И сам ответил за конунга:
— Ты, Сверрир, пойдешь на юг в Нидарос и сойдешь на берег. Там ты обратишься к своим людям и скажешь: Бросьте оружие в море! Они послушаются тебя. Потом с обнаженной головой ты босиком, пойдешь к архиепископу Эйстейну и скажешь: Я Сверрир, конунг Норвегии.
И еще: Ты здесь архиепископ, но ты служишь не только Богу.
Ты скажешь ему:
— Сними свои башмаки!
Я думаю, он их снимет.
Тогда ты обнимешь его, вы вместе пойдете в церковь Христа и преклоните колени перед Божьей матерью.

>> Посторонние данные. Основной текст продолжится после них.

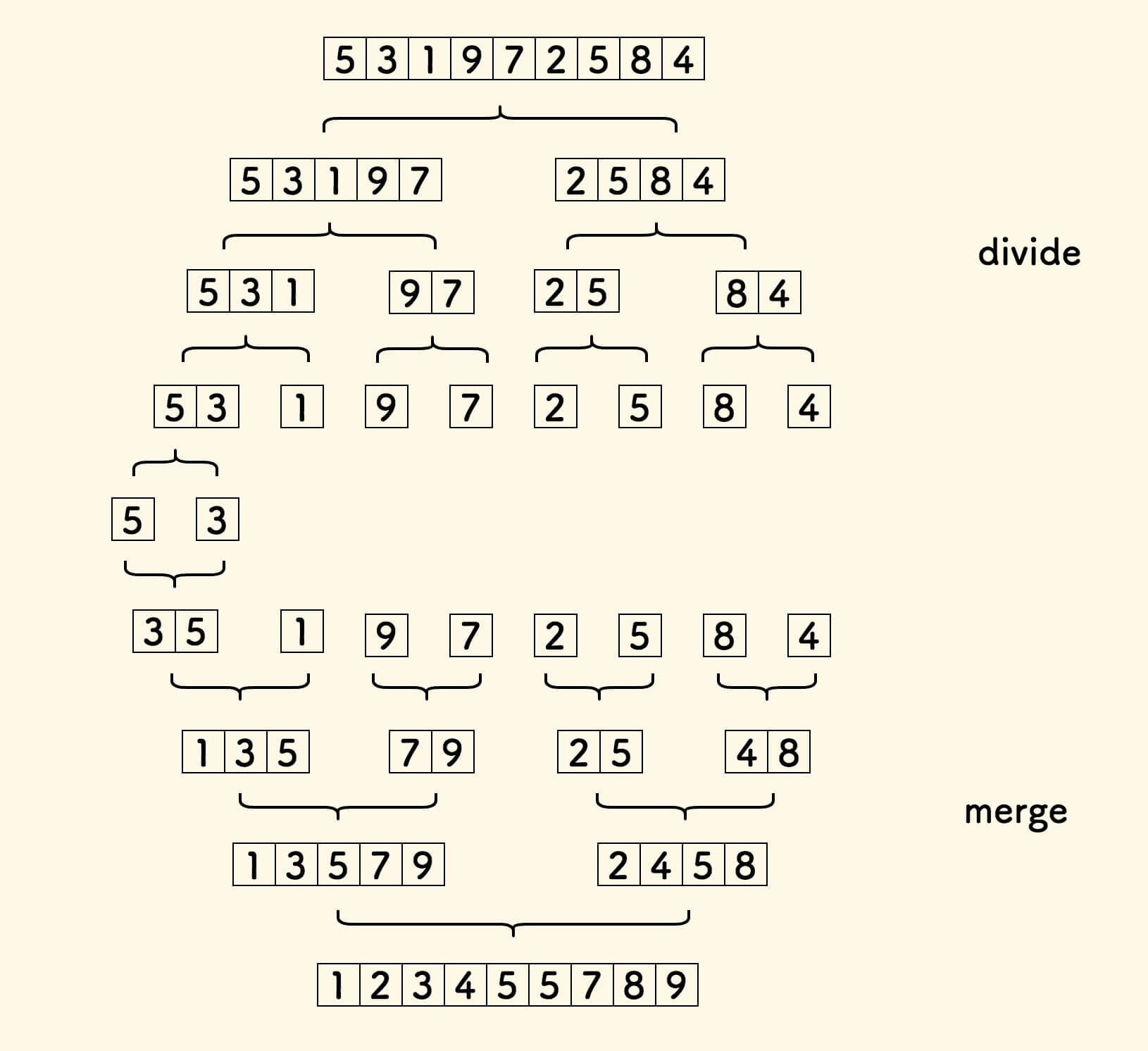 - 不断二分数组,直到每个子数组只有一个元素。

За вами туда последуют твои люди, они тоже опустятся на колени…
Конунг наклонил голову, приподнял рукав на отрубленной руке Гаута и поцеловал обрубок.
— Ты всех прощаешь, — сказал он. — Сможешь ли ты простить и меня, если я пойду другим путем?
Вот что я помню об одноруком Гауте:
Он попросил конунга отойти с ним к прибрежным камням, где никто не мог их слышать. Они сделали мне знак, чтобы я пошел вместе с ними. Там Гаут сказал:
— У меня есть и другие новости, которые я не хотел сообщать вам при всех. Я был и в Сельбу, где живет сейчас твоя сестра, государь, фру Сесилия из Хамара в Вермаланде. Там же живет и Халльвард Губитель Лосей и все люди, которых она взяла с собой, когда уехала из своего дома в Вермаланде. Если люди ярла прознают про это, их жизнь продлится недолго.
В Сельбу живет и твой отец, государь, Унас из Киркьюбё.
Прости, государь, я знаю: если она твоя сестра, значит, он не твой отец, а если он твой отец, то она тебе не сестра. Про Унаса не скажешь, что он человек слова, — он обещал тебе оставаться в Ямталанде, когда ты отправил его туда, но вернулся назад в Норвегию. Он не злой человек, но, думаю, и не добрый. Он похож на черную муху над миской с медом.
Позволь дать тебе еще один совет, государь. И можешь отрубить мне вторую руку за мою дерзость. Приведи Унаса к своим людям и скажи: Этот человек выдает себя за моего отца, но не он мой отец! Пусть люди увидят его, не прогоняй его от себя, возьми его к себе, пусть он ест за твоим столом. Если он не твой отец, тебе, сыну конунга и Божьему избраннику, нечего бояться его. А ты вместо этого отсылаешь его от себя.
Прояви доброту к нему, и тогда люди поверят тебе.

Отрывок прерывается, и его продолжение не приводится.